I prefer the old ways. If you can land a rose on the head or in the hat of the Pope on Saint Valentines Day he has a year to find you a wife or you get into heaven, no questions asked.
OP: are you female? While the secular sites vary in their terms of service I believe that at least on some of them you will receive sexual advances which you might find very offensive.
Your statement carries the implication that such behavior can’t / won’t happen on overtly christian sites.
I have no data, but I question that implication. Jerks are everywhere in varying densities.
NO ONE CAN PROVE I DID IT! :mad:
Match.com allows you to choose just about every religion, and lack thereof, that I’m familiar with when creating a profile, or as search criteria when searching for potential matches. There are three Christian options; Christian/Protestant, Christian/Catholic, and Christian/Other (Latvian Orthodox, etc.)
And if I was looking for someone uber-devout, I’d look for them in my Church - after all, those tend to be the people most likely to believe that the people from the denomination or parish three hundred yards over are a bunch of heathens.
Every American I met who self-identified as “Christian” rather than giving a denomination seemed to be part of some supermegamicrochurch and either hellbent in saving the rest of us or very busy looking down his nose at us.
People on explicitly Christian dating sites are more likely to have it as a core part of their identities than people on general sites, even when they identify as Christian.
Plus there’s a not uncommon viewpoint that anything not explicitly Christian is of Satan.
Most Americans are born into heavily Christian environments, however devout they/their parents may actually be. To put it in activistese, Christianity is unmarked. So people who’ve ever given religion any thought are likely to identify as Christian whn the topic arises.
My dating days are long behind me, but I seem to recall OKCupid has an option not just for religion, but for how big a part of your life it is. On the other hand, Christians of a certain type aren’t going to use a site with a pagan deity in its name.
I only want to date Christians, either Slater or Danish kings.
Supposedly, have “undesirable” traits like signs of depression. I was rejected when I did the tests practically a decade ago, although I wasn’t trying (psychometrics kick).
Yeah either that or Christian by default.
Plenty of Christians were on tinder: Joan of Arc, Jan Hus, William Tyndale. And they all got a match.
This, for one
People who like to tell others what believers/Christians/etc. should or should not do don’t really know, they just THINK they know. And of course they (think they) know that they are always right and everyone else is wrong. I would advise ignoring them.

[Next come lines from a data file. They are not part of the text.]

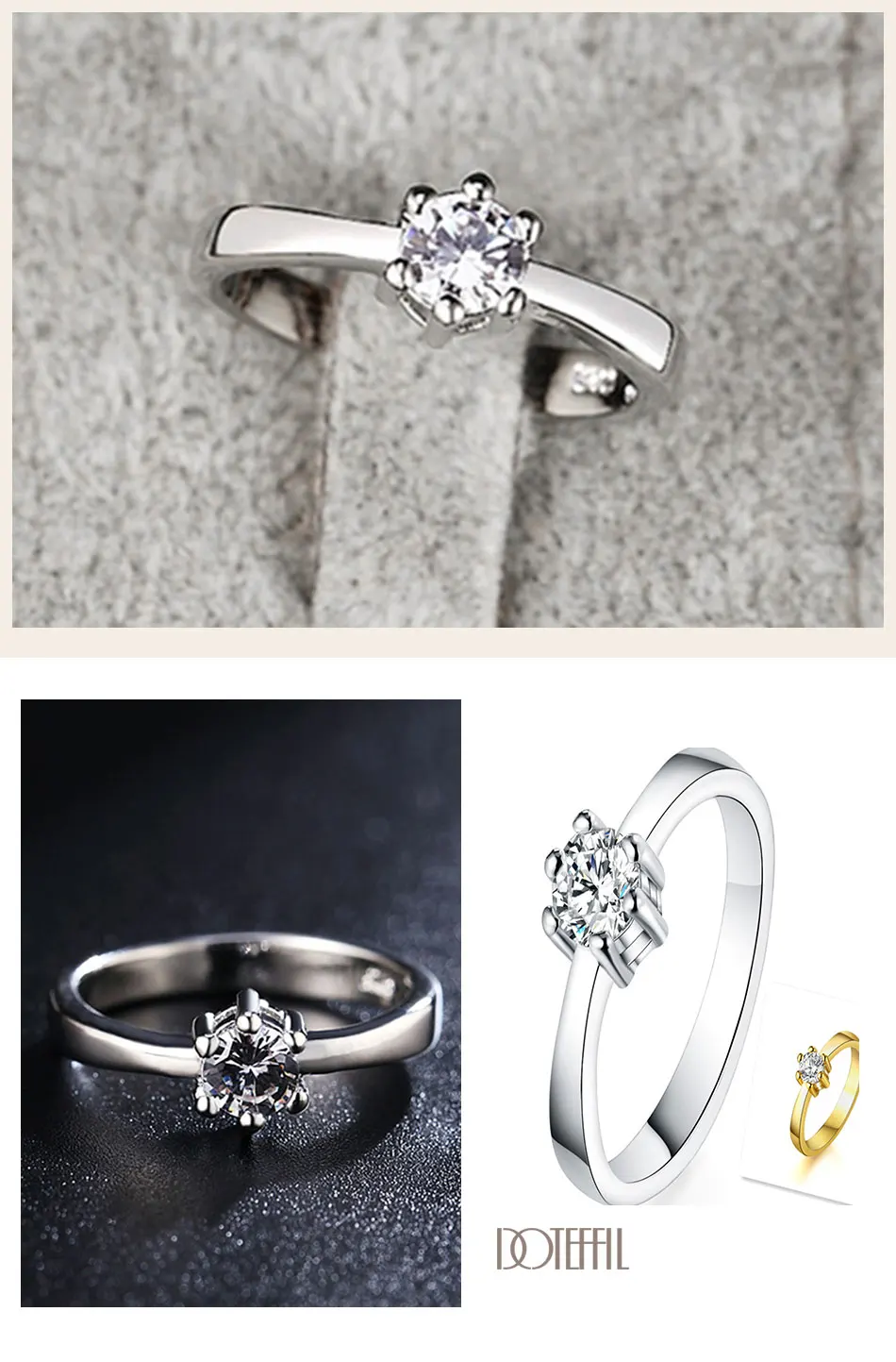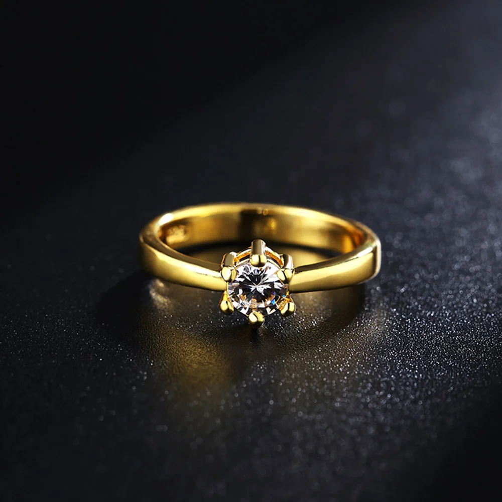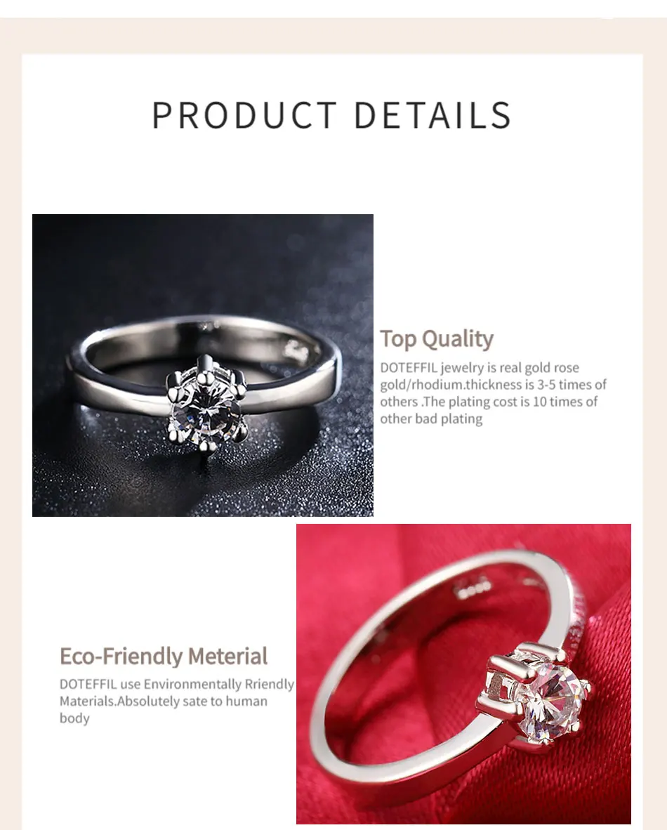 DOTEFFIL 925 Стерлинговое серебро/золото AAA циркон шесть когтей классическое кольцо для женщин модное свадебное украшение подарок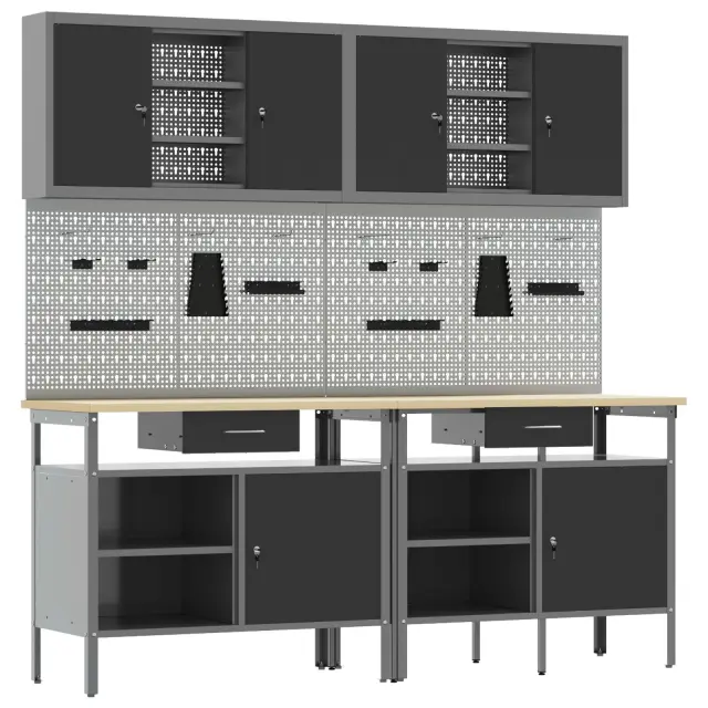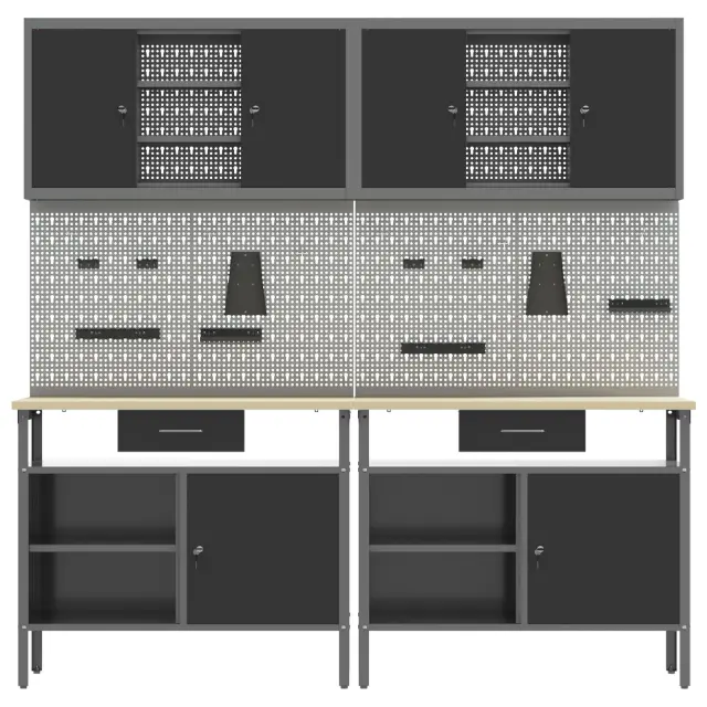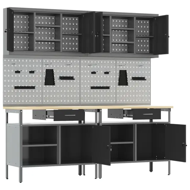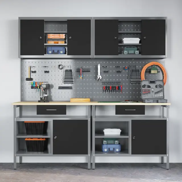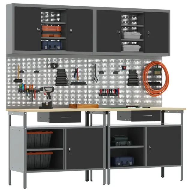Ta set delovne mize za shranjevanje industrijskih orodij je res pravi hit za slog in funkcionalnost, kar ga naredi nepogrešljivega za vsakogar, ki se ukvarja z DIY ali je obrtnik. S svojo trdno jekleno konstrukcijo in pametno zasnovo enostavno podpira tvoja orodja in ponuja urejeno območje, ki povečuje produktivnost.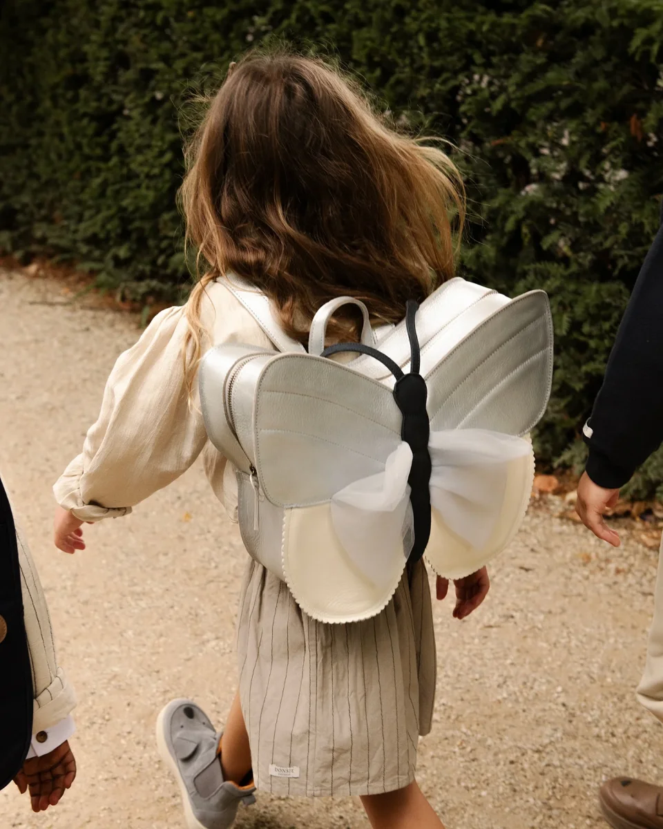 The perfect first schoolbag! The Alja Schoolbag is not only roomy to accommodate all the school essentials but also irresistibly cute, thanks to a unique Donsje design. The tulle details and metallic leather sides add charm to the butterfly design. With dimensions of 25 cm x 30 cm x 10 cm, adjustable leather straps and zip closure along the top, it’s as practical as it is adorable.

Most of the means of meeting prospective partners throughout history have been secular. Why should that change now? You might go for a walk in a secular park and meet someone there. You might work at a secular business and meet someone at work. A mutual friend might set you up with someone else that they know. You might be neighbors with someone. None of these will limit you to only religious partners, but presumably, that’s something you find out pretty quickly in the process of getting to know each other.
I see what you did.![]()
I suspect you’re right- I’d guess that probably 80-90% of the people on the secular sites self-identify as christian (lower-case c), as in go to church a couple times a year, and at weddings and funerals, but the OP is probably meaning extra-cultishly devout Christians! who wear it on their sleeves and have this odd habit of winding it into all facets of their lives, and doing their best to let NOTHING go by without some sort of reminder of Christ, etc…
eHarmony does reject a high percentage of applicants. I filled out an application just to find out if they’d reject me, after a thread about it on the Dope a decade ago.
I met my husband there, so it wasn’t time wasted.
I wouldn’t be so confident of this. Humans are very religious things, and religion is the community centre for a very large proportion of - if not probably most - societies. Secularism as a dominant social trend is relatively new and even now is limited to Western Europe, Aus/NZ and parts of the US and Asia.
In Christian countries up until very recently, going to Church on Sunday, Church dances etc were the major social occasions. People didn’t wear “Sunday Best” because they were concerned about their deity seeing them in a frayed collar.